Через полгода, зимней ночью, сидя в пустынной редакции и рассеянно следя за мигающей линией фонарей над Екатерининским каналом, он вспомнил внезапно и мучительно одно из летних впечатлений от ночного Лондона.

И быстрыми, лихорадочно возбужденными чертами он отметил его в своей статье.

…В Гай-Маркете я заметил матерей, которые приводят на промысел своих малолетних дочерей. Маленькие девочки лет по двенадцати хватают вас за руку и просят, чтоб вы шли с ними. Помню раз, в толпе народа, на улице, я увидал одну девочку, лет шести, не более, всю в лохмотьях, грязную, босую, испитую и избитую: просвечивавшее сквозь лохмотья тело ее было в синяках. Она шла, как бы не помня себя, не торопясь никуда, бог знает зачем шатаясь в толпе; может быть, она была голодна. На нее никто не обращал внимания. Но что более всего меня поразило, – она шла с видом такого горя, такого безвыходного отчаяния на лице, что видеть это маленькое создание, уже несущее на себе столько проклятия и отчаяния, было даже как-то неестественно и ужасно больно. Она все качала своей всклоченной головой из стороны в сторону, точно рассуждая о чем-то, раздвигала врозь свои маленькие руки, жестикулируя ими, и потом вдруг сплескивала их вместе и прижимала к своей голенькой груди. Я воротился и дал ей полшиллинга. Она взяла серебряную монетку, потом дико, с боязливым изумлением посмотрела мне в глаза и вдруг бросилась бежать со всех ног назад, точно боясь, что я отниму у ней деньги. – Вообще предметы игривые…

Да, исполинский город, могучая воля, всемирная мысль, гордый и умный дух…

Вскоре в журнале «Время» были напечатаны эти путевые фельетоны о Париже, Лондоне и Всемирной выставке.

Они прошли совершенно незамеченными. Читающая Россия увлекалась «Взбаламученным морем».

Чек

– Удивительное лицо, – ответил князь, – и я уверен, что судьба ее не из обыкновенных. Лицо веселое, а она ведь ужасно страдала, а? Об этом глаза говорят, вот эти две косточки, две точки под глазами в начале щек. Это гордое лицо, ужасно гордое, и вот не знаю, добра ли она? Ах, кабы добра! Все было бы спасено.

Прошло достаточно времени для обеда. Пора вернуться в отель.

Уже издали, сквозь стекло открытой веранды он замечает громоздкую фигуру ненавистного мажордома с его презрительно-бесстрастной физиономией.
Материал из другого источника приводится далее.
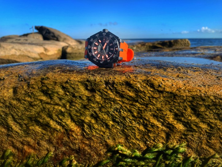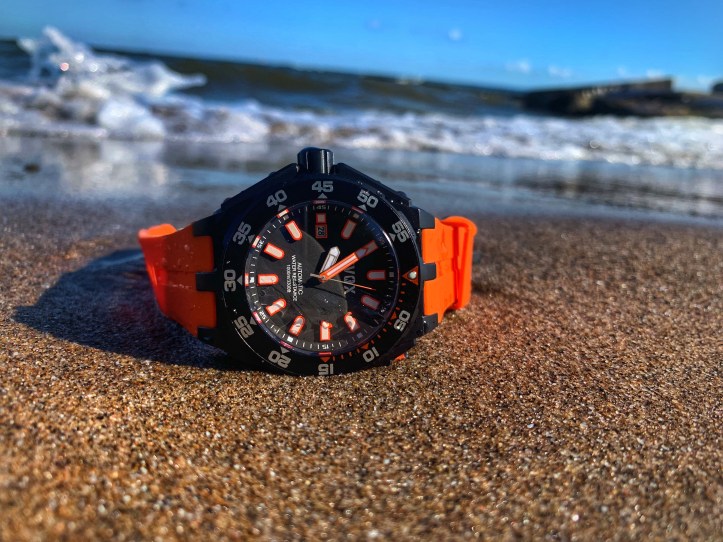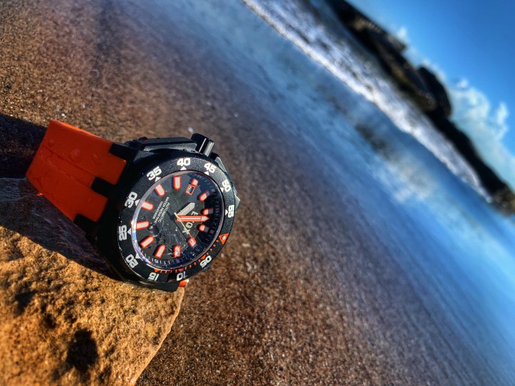 I do think that the watch features some details that make it a watch worth looking at, especially for those on that under $500 budget. The watch features a sapphire crystal, a large unique case, oversized screw down crown, and the 1000m depth rating. The bezel functions with precision, it’s easy to grip and lines up perfectly with the dial. At the 12 o’clock position on the bezel inlay is a lumed pip which is definitely helps when using the watch for diving or just timing in general.

«Не верит, что я обедал, и наглым взглядом дает это понять мне… Ну, пусть! Выйду же когда-нибудь из этого гнусного положения…»
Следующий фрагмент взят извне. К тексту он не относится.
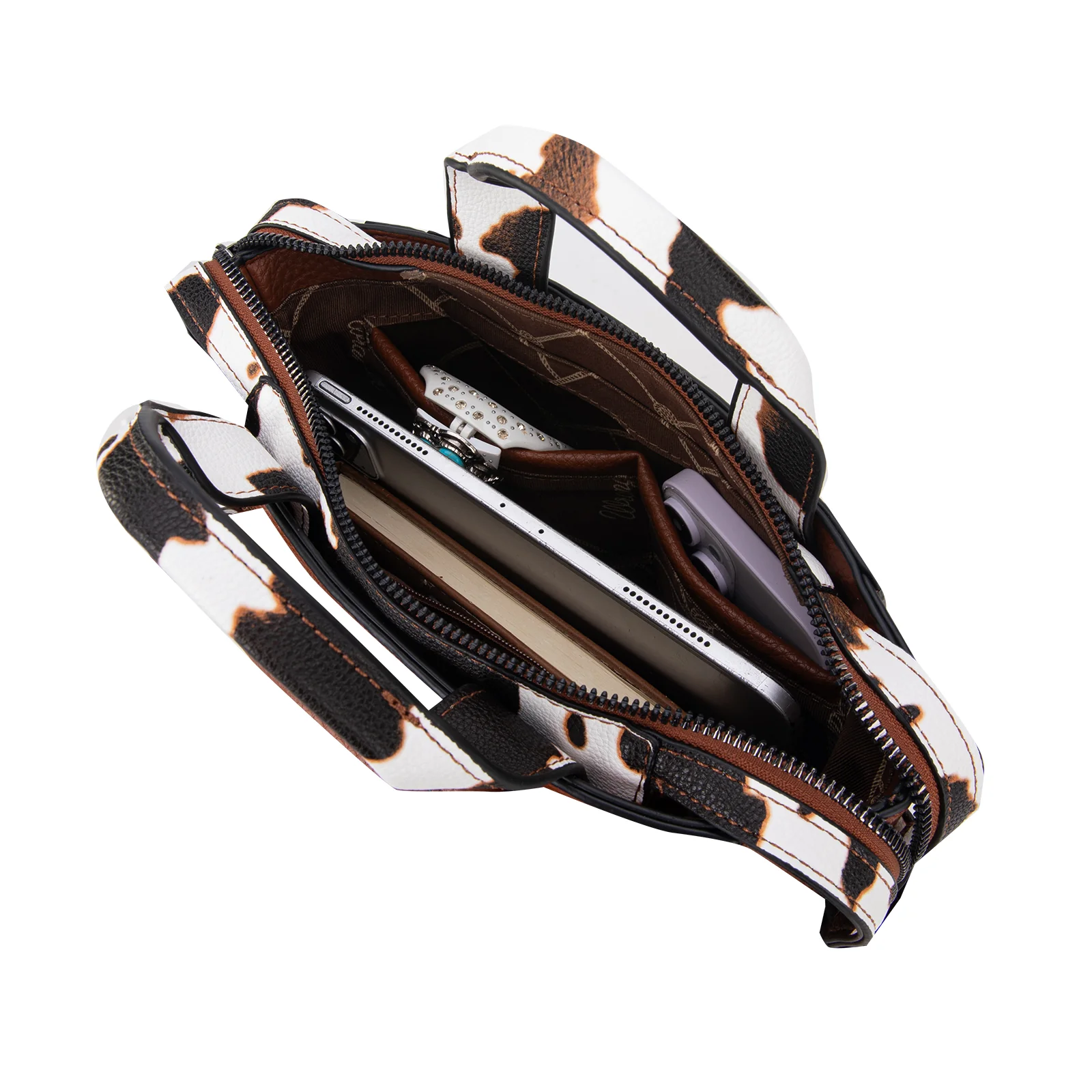 Cow print trimmed

Он хотел торопливо пройти мимо швейцара. Но тот с любезной улыбкой, согнувшись и слегка наклонив набок голову, изящно протягивал ему серебряный подносик с конвертом.
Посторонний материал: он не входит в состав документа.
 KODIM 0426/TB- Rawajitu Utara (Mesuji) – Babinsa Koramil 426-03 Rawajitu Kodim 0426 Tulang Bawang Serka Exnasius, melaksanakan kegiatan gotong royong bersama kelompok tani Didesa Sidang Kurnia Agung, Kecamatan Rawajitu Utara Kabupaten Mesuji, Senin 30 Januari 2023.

– Денежное письмо, гнедигер герр.

От неожиданности он даже почувствовал легкое головокружение. От кого бы? От Тургенева, Герцена, Воскобойникова? Он берет конверт и, поднимаясь по лестнице, вглядывается в адрес. Быстрый женский почерк с нервным уклоном, штемпель Парижа. Письмо от Полины.

Снова она выручала его из беды, неверный и спасительный друг! В краткой записке извинялась за незначительность суммы, просила играть осторожно и, выиграв необходимое на переезды и начало работы, сейчас же оставить Висбаден. Сквозь беглость привета сквозила бдительная заботливость, всегда пробуждавшаяся к нему в этом капризном сердце, когда он был в беде и нуждался в поддержке.





Он почувствовал, как все его существо до краев преисполнялось благодарностью к этой изменчивой, своенравной и великодушной подруге. В минуту отчаяния снова она издалека спасительно протягивала ему руку помощи.

Он достал из своего черного муарового портфеля большой фотографический портрет молодой женщины в светлом нарядном платье парижского покроя.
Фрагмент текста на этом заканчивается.